Sullivan Mackenzie W, Chui M Herman, Selenica Pier, Long Roche Kara, Sonoda Yukio, Grisham Rachel N, Kyi Chrisann, Momeni-Boroujeni Amir, Abu-Rustum Nadeem R, Weigelt Britta, O'Cearbhaill Roisin E
Gynecology Service, Department of Surgery, Memorial Sloan Kettering Cancer Center, New York, NY, USA.
Department of Pathology and Laboratory Medicine, Memorial Sloan Kettering Cancer Center, New York, NY, USA.
Gynecol Oncol. 2025 Apr;195:144-148. doi: 10.1016/j.ygyno.2025.03.021. Epub 2025 Mar 19.
We describe a tertiary referral center's experience with anaplastic ovarian carcinoma and characterize the genetic landscape of these rare tumors.
Anaplastic ovarian carcinomas were retrospectively identified from institutional databases from 2013 to 2023. Clinical data and survival outcomes were abstracted from the electronic medical record. Molecular data were obtained from clinical tumor-normal panel sequencing.
Thirteen tumors were identified; 12 (92 %) were associated with or arose from a mucinous carcinoma, and 6 (46 %) were found in a mural nodule. Median age at diagnosis was 39 years (range, 19-77); 6 patients had stage I disease (3 stage IA), 1 had stage II, 5 had stage III, and 1 had stage IV. All patients underwent surgery. First-line postoperative therapy included carboplatin-paclitaxel doublet (n = 8), a 5-fluorouracil-oxaliplatin-based regimen (FOLFOX, n = 1; XELOX, n = 2), and ifosfamide/paclitaxel (n = 1).
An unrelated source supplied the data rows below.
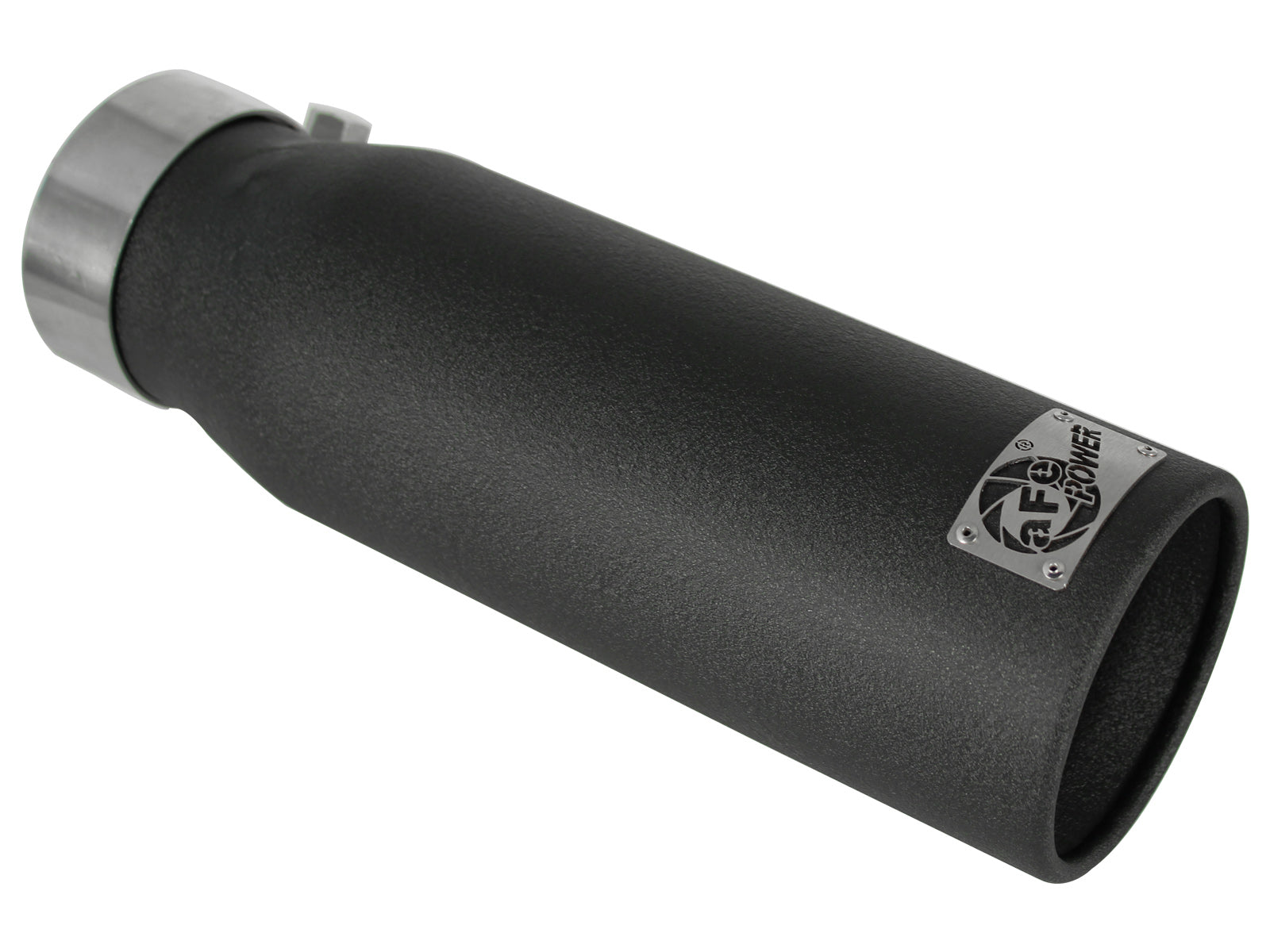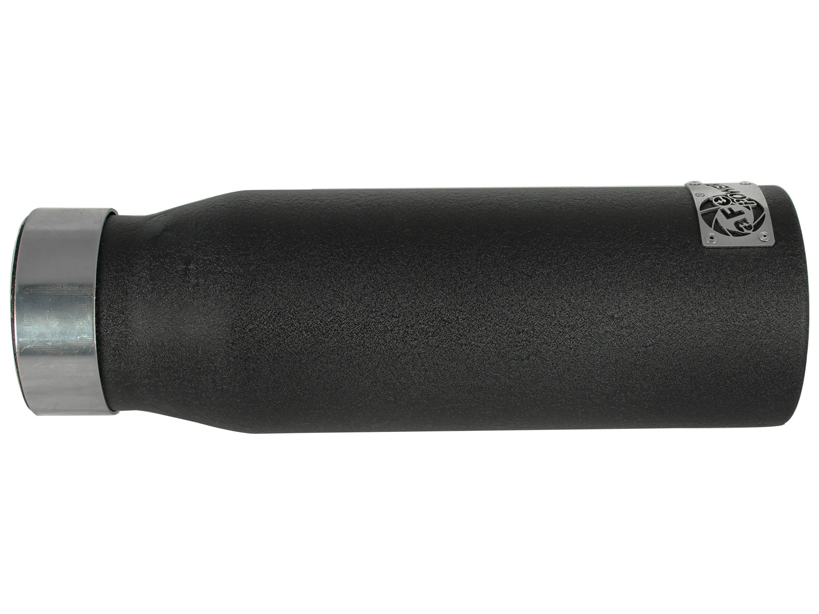 MACH Force-Xp 409 Stainless Steel Clamp-on Exhaust Tip Black MACH Force-Xp 409 Stainless Steel Clamp-on Exhaust Tip Black 3 IN Inlet x 4 IN Outlet x 12 IN L Nothing looks cooler than a huge tip completing your exhaust system. The aFe Power tip is constructed out of high luster, polished 304 stainless steel and has a slash cut and an aFe Power logo lazer etched into the top of the tip. A drain port on the bottom keeps rust and corrosion away. 304 Stainless Steel Wrinkle Black Finish 304 Stainless Steel Clamp AFe Power Plate Universal Design 2 Year Limited Warranty
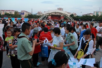 当晚19:00至20:00,市防灾减灾局、市民政局、市科协、市科技局等13家单位联合组织开展的集中式主题宣传活动,主题明确、内容丰富。联合展出以“科学减灾·依法应对”为主题的科普知识展板,开展防灾减灾科普宣传活动,散发防灾减灾知识宣传材料和宣传品,现场为群众讲解防灾减灾知识,广场大型电子屏幕滚动播放防灾减灾知识、地震灾害应对宣传教育片,并为群众提供现场咨询服务。群众参加非常踊跃,现场气氛热烈,3000多群众自发参与其中,玉溪电视台、玉溪大众台实地拍摄报道,玉溪日报记者现场采访。
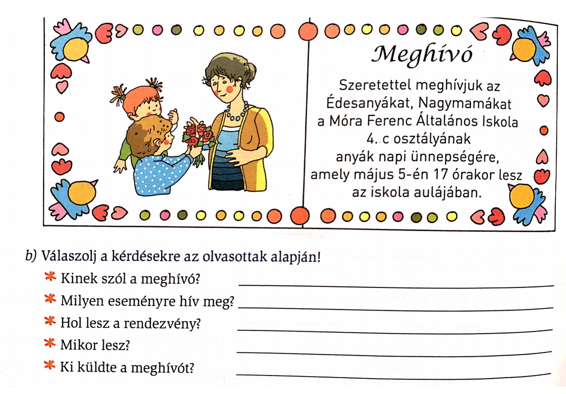 Nyisd ki a Munkafüzetedet a 68. oldalon! Olvasd el az 5. feladat a) részében látható meghívó szövegét! Az olvasottak alapján oldd meg a b) feladatrészt!
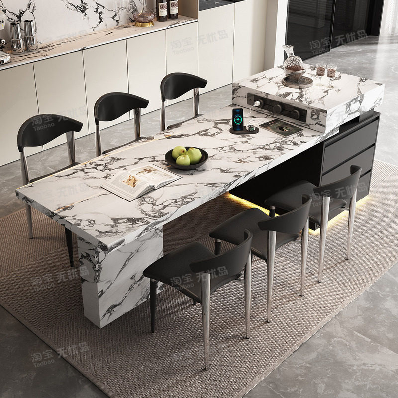 宝格复古风丽白岛台餐桌一体可伸缩岩板倒台可定制高端轻奢中导台

Two patients did not receive adjuvant chemotherapy for early-stage disease. Six patients had progression or recurrence; 5 had platinum-refractory disease and 1 had an initial progression-free interval of 6.8 months. For the 7 patients without recurrence, median follow-up was 79.7 months. Median overall survival for all patients was 28.1 months (range, 7.8-139.2). Five patients died of their disease. Ten patients had clinical panel sequencing, revealing recurrent somatic KRAS G12D/V hotspot mutations (8 of 10, 80 %) and genetic alterations affecting cell cycle-related genes, including TP53 (6 of 10, 60 %) and CDKN2A (6 of 10, 60 %).
Anaplastic ovarian carcinoma is characterized by KRAS, TP53, and CDKN2A alterations. Novel treatment approaches are needed due to the high rate of platinum-refractory disease.
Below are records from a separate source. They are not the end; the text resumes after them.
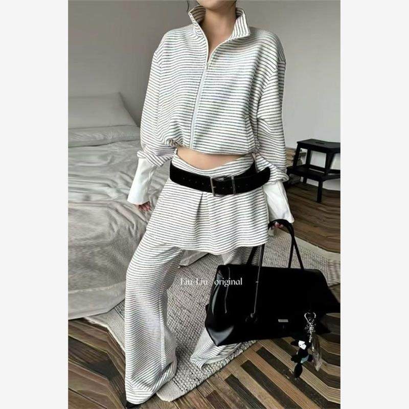 2025秋冬新款韩版复古条纹宽松卫衣外套屁帘休闲长裤两件套装女潮
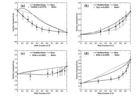 基于Butler模型對表相的偏摩爾過剩吉布斯自由能進(jìn)行修正以生成二元合金體系的表面張力模型;
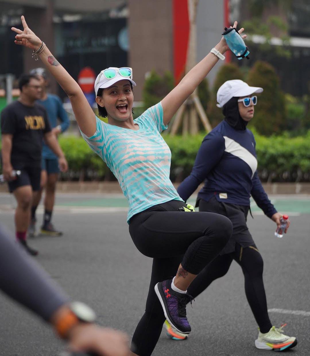 “Aku ibu rumah tangga dengan aktifitas lari yg tadinya di paksa-paksa sama suami,” akunya dengan jujur dan disertai tawa.

我们描述了一家三级转诊中心治疗间变性卵巢癌的经验,并对这些罕见肿瘤的基因图谱进行了特征分析。
从2013年至2023年的机构数据库中回顾性识别间变性卵巢癌。从电子病历中提取临床数据和生存结果。分子数据通过临床肿瘤-正常组织全外显子测序获得。
共识别出13例肿瘤;12例(92%)与黏液性癌相关或由黏液性癌发展而来,6例(46%)位于壁层结节。诊断时的中位年龄为39岁(范围19 - 77岁);6例患者为Ⅰ期疾病(3例ⅠA期),1例为Ⅱ期,5例为Ⅲ期,1例为Ⅳ期。所有患者均接受了手术。一线术后治疗包括卡铂-紫杉醇双联方案(n = 8)、基于5-氟尿嘧啶-奥沙利铂的方案(FOLFOX,n = 1;XELOX,n = 2)以及异环磷酰胺/紫杉醇(n = 1)。2例早期疾病患者未接受辅助化疗。6例患者出现进展或复发;5例为铂类难治性疾病,1例初始无进展生存期为6.8个月。对于7例未复发的患者,中位随访时间为79.7个月。所有患者的中位总生存期为28.1个月(范围7.8 - 139.2个月)。5例患者死于该疾病。10例患者进行了临床全外显子测序,发现复发性体细胞KRAS G12D/V热点突变(10例中的8例,80%)以及影响细胞周期相关基因的基因改变,包括TP53(10例中的6例,60%)和CDKN2A(10例中的6例,60%)。
间变性卵巢癌的特征是KRAS、TP53和CDKN2A改变。由于铂类难治性疾病的高发生率,需要新的治疗方法。